Pandangan kuedarkan untuk menyapu sekeliling. Kamar tamu ini bersebelahan persis dengan bilik kosong yang kemudian digunakan Ega untuk ruang kerjanya. Koper Mika terlihat berdiri di pojok ruangan dekat lemari tinggi.
"Silahkan dimakan, nanti keburu dingin lho," tawarku karena Tania tidak lekas menyantap hidangan tersebut.
"Ah ... ya. Terima kasih."
Tania menarik kursi beroda, lalu mulai menyantap mie buatanku dengan malu-malu.
"Mau menginap berapa lama di sini?" tanyaku sambil mengawasi Tania. Gadis itu tampak mulai melahap nikmat mie kuah buatanku. Itu terdengar dari decakan yang berasal dari mulutnya.
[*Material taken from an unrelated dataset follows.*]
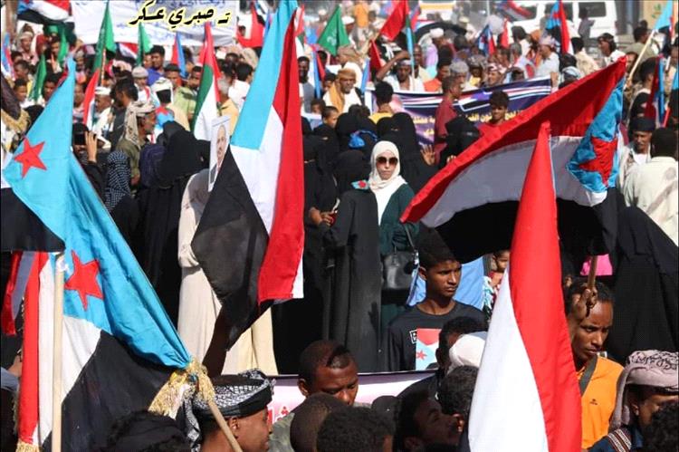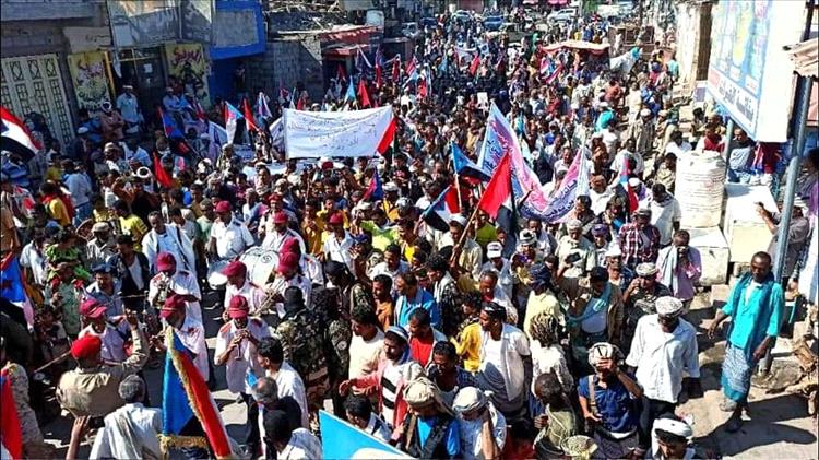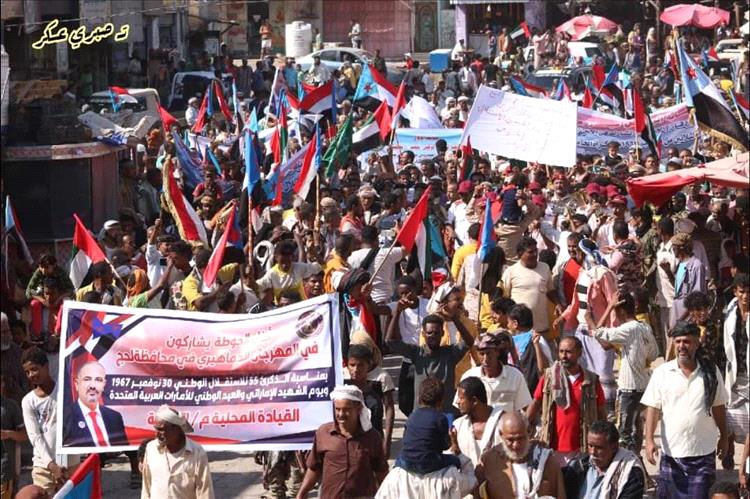 وتعالت أصوات المشاركون في التظاهرة التي تقدمها قيادات المجلس الانتقالي بالمحافظة وأعضاء الجمعية الوطنية وعدد من القيادات الأمنية والعسكرية ورؤساء الهيئات التنفيذية بمديريات المحافظة بالهتافات المطالبة بمنح الجنوب استقلاله وفض شراكته مع الجمهورية العربية اليمنية بالإضافات إلى الهتافات المجددة للعهد بالسير خلف المجلس الانتقالي الجنوبي وقيادته الحكيمة ممثلة بالرئيس عيدروس الزبيدي .

Tania tampak tercekat mendengar pertanyaanku. Gadis bermata kecil, namun indah itu menyesap air teh manis.
"Secepatnya aku akan pergi dari sini jika sudah mendapatkan tempat berteduh," jawabnya seraya mengelap bibir dengan selembar tisu. Lalu membuangnya ke tong sampah di bawah meja persis.
Gadis itu membalikkan sendok dan garpu. Pertanda ia mengakhiri makannya. Padahal isinya baru berkurang seperempat. Mungkinkah pertanyaanku membuat selera makannya hilang?
"Maaf, Tania. Bukannya aku mengusir, tapi kehadiranmu akan memperkeruh biduk rumah tanggaku dengan Ega. Kami-"
"Ya ... aku mengerti," potong Tania cepat. "Besok pagi aku akan segera pergi dari sini," janji Tania sendu.
"Terima kasih atas pengertiannya," ucapku sembari menepuk pundak kecil itu. Tania tersenyum kecil. Ketika aku hendak mengambil nampan, tangannya mencegah.
"Aku masih lapar," ujarnya menunduk tersipu.
Aku tersenyum. "Lanjutkan makan malammu."
Usai mendapat anggukan kecil dari Tania, aku melangkah ke luar. Napas panjang penuh kelegaan kuhembus. Ternyata Tania tidak serepot yang dibayangkan selama ini. Gadis itu cukup tahu diri.
Ahhhh ... semoga saja dia benar-benar memenuhi janjinya. Lekas hengkang dari rumah ini secepatnya. Agar hubunganku dengan Ega tidak terganggu.
Dengan langkah yang ringan aku kembali menderap menuju kamar. Ega sudah meringkuk di bawah selimut begitu aku masuk. Suhu pendingin ruangan yang dinyalakan begitu rendah membuat aku menggigil. Bahkan semilir anginnya terdengar begitu kentara.
Senyumku terkembang melihat remote AC tergeletak di atas nakas. Sayang letaknya tepak di samping Ega. Aku harus berjingkat kecil ketika bergerak mendekati benda persegi panjang itu. Berusaha meredam suara agar Ega tidak terbangun. Akhirnya, setelah berhati-hati melangkah, remote ini bisa kuraih juga.
"Jangan dinaikkan suhunya!" Sontak aku terkejut mendengar perintah itu. Saat kutoleh, mata Ega menatapku tajam. "Taruh balik di tempatnya!" titahnya dengan telunjuk mengacung ke nakas.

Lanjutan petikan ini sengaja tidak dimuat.